BUSS1020 · Quantitative Business Analysis
Foundations: Data, Variables & Sampling
Foundations: Data, Variables & Sampling (Week 1, Berenson Ch 1) sets the vocabulary the whole subject rests on. You learn to tell a population from a sample and a parameter from a statistic, to classify variables as categorical or numerical and place them on the four levels of measurement, and to choose a sampling method that gives a representative picture without bias. Getting these distinctions right is what lets every later technique — probabilities, intervals, tests, regression — be applied to the correct kind of data.
What this chapter covers
- 01Population vs sample; parameter (Greek) vs statistic (Latin)
- 02Categorical variables: nominal vs ordinal
- 03Numerical variables: discrete vs continuous
- 04Levels of measurement: nominal · ordinal · interval · ratio
- 05Data sources: primary vs secondary; structured vs unstructured
- 06Probability sampling: simple random, systematic, stratified, cluster
- 07Non-probability sampling: convenience, judgement
- 08Sampling vs non-sampling error; coverage and selection bias
Classify variables and identify a sampling method
- 1 mark(a) Preferred store is categorical with no natural order → nominal.

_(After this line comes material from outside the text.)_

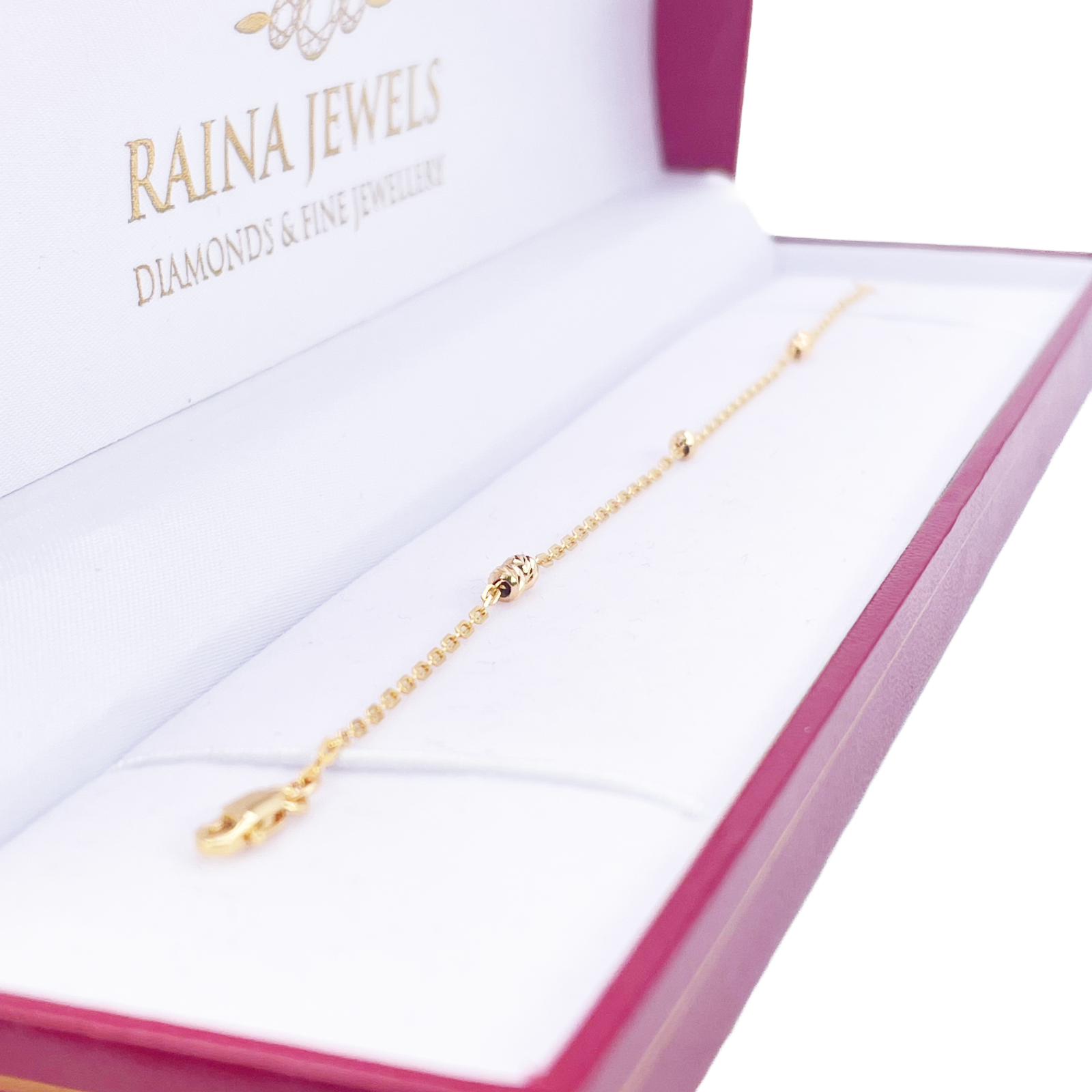 22ct Gold Beaded Bracelet Diamond Cut Cable Chain 7 Inches 2.8mm Width

- 1 mark(b) Satisfaction 1–5 is categorical with a meaningful order but unequal/undefined gaps → ordinal.
- 1 mark(c) Number of items is numerical and countable → discrete (ratio level, since 0 means none and ratios are meaningful).
- 1 mark(d) Total spend in dollars is numerical and measurable on a continuum → continuous (ratio level).
- 1 markSelecting every 20th shopper is systematic sampling.
- 1 markIt risks coverage/selection bias: only shoppers who actually entered and exited the physical store are sampled, so online-only or non-visiting customers are excluded.
Key terms
- Population vs sample
- The population is the entire group of interest; a sample is the subset you actually observe and from which you infer.
- Nominal vs ordinal
- Both are categorical: nominal categories have no order (e.g. store location), ordinal categories have a meaningful order but no fixed spacing (e.g. a 1–5 rating).
- Discrete vs continuous
- Discrete numerical data come from counting and take separate values (number of items); continuous data come from measuring and can take any value in a range (dollars, time).
- Stratified sampling
- A probability method that splits the population into homogeneous groups (strata) and samples within each, improving representativeness for known subgroups.
- Sampling vs non-sampling error
- Sampling error is the natural variation from observing only a sample rather than the whole population; non-sampling error comes from bias, bad measurement or coverage gaps and is not reduced by a larger sample.
Foundations: Data, Variables & Sampling FAQ
Why does the parameter/statistic distinction matter so much?
Because every inference technique in the subject estimates an unknown population parameter (like μ or π) from a sample statistic (like X̄ or p). Mixing the symbols up is one of the most common ways to lose easy marks, so the Greek-for-population, Latin-for-sample rule is worth locking in early.
Is a postcode numerical data?
No — even though it looks like a number, a postcode is nominal categorical data because the values are just labels with no arithmetic meaning. This 'looks numerical but isn't' trap appears in MCQs.
What makes a sample 'good'?
A good sample is representative and chosen by a probability method (every unit has a known, non-zero chance of selection), which lets you quantify sampling error. Convenience and judgement samples are easier but introduce bias you cannot measure.
Exam move
This week is pure vocabulary, and it is the cheapest set of MCQ marks in the whole unit — so over-learn it. Make a one-page table: variable type → level of measurement → an example → a typical chart, and drill the 'trap' cases (postcodes, ratings, years). For sampling, memorise the four probability methods and the two non-probability ones, and be able to name the bias each one risks. Because Week 1 feeds the in-semester test and the final's Part A, a few minutes of flashcards here pays off all semester.